# Bone cleaver rehab



## dwalker (Apr 5, 2018)

I received an old bone cleaver for Christmas and decided to spruce it up a bit. It had a terrible profile from years of bad sharpening and an ugly oversized handle. I wanted to make sure it was worth the effort so I chopped a 4×4 in half twice. It showed no damage and was still pretty sharp so I decided to give it a go. I thought you guys might be interested.







I ditched the handle, re-profiled the edge and ground it 90%.





Glass bead blast and refinishing.

















Finished up the grind.













Now all it needs is sharpening .


----------



## YG420 (Apr 5, 2018)

Great job!! &#128077;


----------



## Bensbites (Apr 5, 2018)

Nice work on the rehab. I might even be inspired to try and force a deep patina on a blade or two. 

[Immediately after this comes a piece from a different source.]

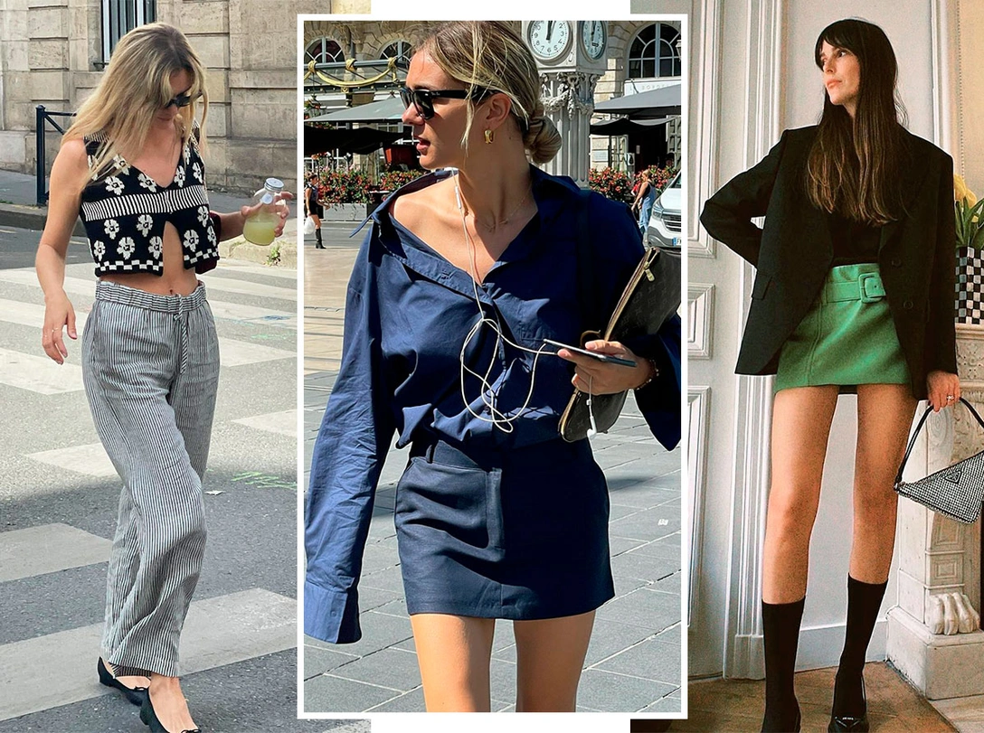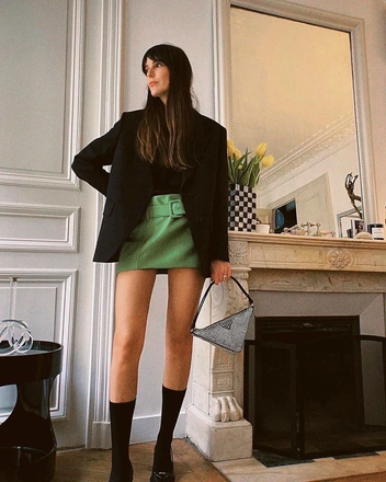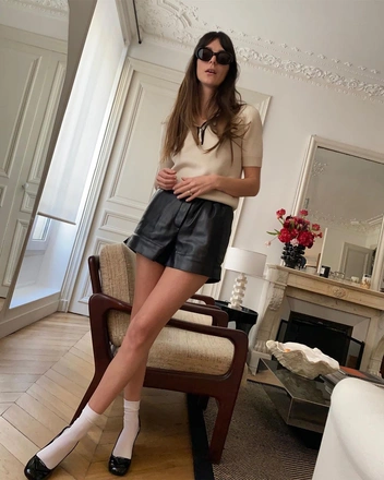 Шорты парижанки иногда меняют на короткие юбки. Француженки ценят комфорт, а потому длину мини стараются усмирить удобной обувью на плоском ходу и свободным верхом, вроде oversize-жакета, рубашки в мужском стиле или кардигана. По примеру it-girls добавляйте к такому луку высокие носки или гольфы, а также вместительную сумку, чтобы получить расслабленный и неформальный образ.

Thanks, I am not setup for westerns like this. Wa handles are my specialty, I really appreciate the consideration and would love to work with you on a different project.


----------



## dwalker (Apr 5, 2018)

Bensbites said:


> Nice work on the rehab. I might even be inspired to try and force a deep patina on a blade or two.
> 
> Thanks, I am not setup for westerns like this. Wa handles are my specialty, I really appreciate the consideration and would love to work with you on a different project.


Thanks. I'm sure we can work together on something else.


----------